Another weirdness: why did Hwang put up another microsite about Demons that's written by an anonymous author "still working in industry" that has clear LLM-writing patterns at basically the same time? https://shigalyovism.com/. Though this one is much less in-depth.
At the bottom of the webpage in an "About the Author" box, we are told "Correspondence may be directed to the editors." This is weird, because we don't know who the editors are. Probably this was something that Claude added and the human author didn't check.
Richard_Kennaway points out:
There are some anomalies in the chapter numbering:
Part IV ends with Chapter 18; Part V begins with Chapter 21... [etc.]
3. This piece could have been written by someone who wasn't an AI insider
If you're immersed in 2025/2026 ~rationalist AI discourse, you would have the information to write Possessed Machines. That is, there's no "inside information" in the piece. There is a lot of "I saw people at the lab do this [thing that I, a non-insider, already thought that people at the lab did]". Leogao has made this same point: "it seems plausible that the piece was written by someone who only has access to public writings."
I am surprised you didn't mention the fact that the whole thing was paraphrased to preserve anonymity by Opus 4.5. (Which really stood out to me! When I first read it, I assumed it was AI-generated, and I was disconcerted to see such quality of thought coming with such a slopreek to the prose.)
Fair, I should've mentioned this. I speculated about this on Twitter yesterday. I also found the prose somewhat off-putting. Will edit to mention.
It's stated at the bottom of the webpage. After a few paragraphs at the start I was like... "ok surely this is AI generated" and popped it in a few detectors. i happened to scroll to the bottom to see how long the dang thing was and saw the disclaimer. i wish this former lab insider---who surely has money and at least one eloquent friend---could've paid another human being to rewrite it. but alas!
Ah, this was not there when I read the piece (Jan 23). You can see an archived version here in which it doesn't say that.
The statement now at the bottom of the webpage says: "To conceal stylistic identifiers of the authors, the above text is a sentence-for-sentence rewrite of an original hand-written composition processed via Claude Opus 4.5."
I don't actually believe that this is how the document was made. A few reasons. First, I don't think this is what a sentence-for-sentence rewrite looks like; I don't think you get that much of the AI style that this piece has with that^. Second, the stories in the interlude are superrrrr AI-y, not just in sentence-by-sentence style but in other ways. Third, the chapter and part titles seem very AI generated.
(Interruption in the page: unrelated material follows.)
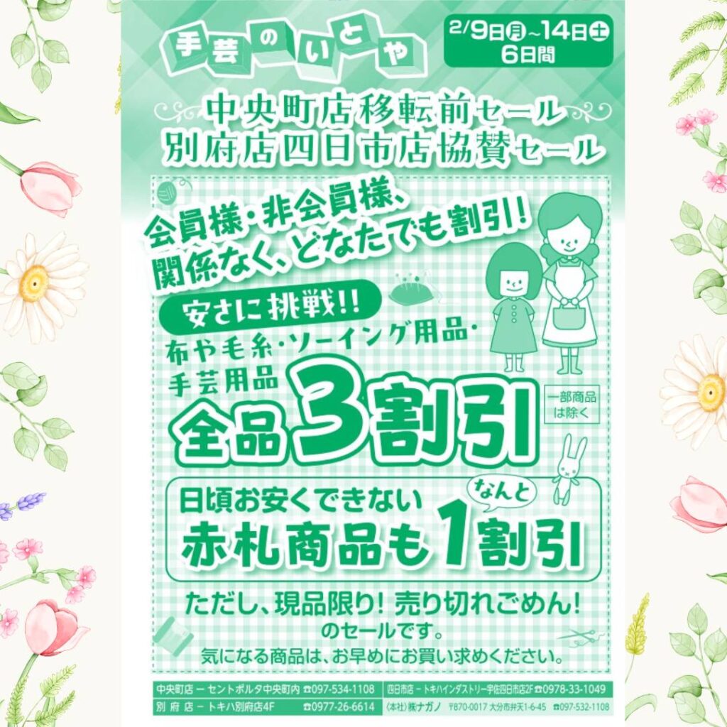3. 2月9日(月)から14日(土)の6日間開催!手芸のいとや中央町店移転前セール開催♪

I might be wrong about this. Some experiments that would be useful here. One, give the piece sans titles to Claude and ask it to come up with titles; see how well they match. Two, do some sentence-by-sentence rewrites of other texts and see how much AI style they have^.
FWIW I think this work is valuable, I'm glad I read it, and I've recommended it to people. I do think the first 'half' of the document is better in both content and style than the second half. In particular, the piece becomes significantly more slop-ish starting with the interlude (and continuing to the end).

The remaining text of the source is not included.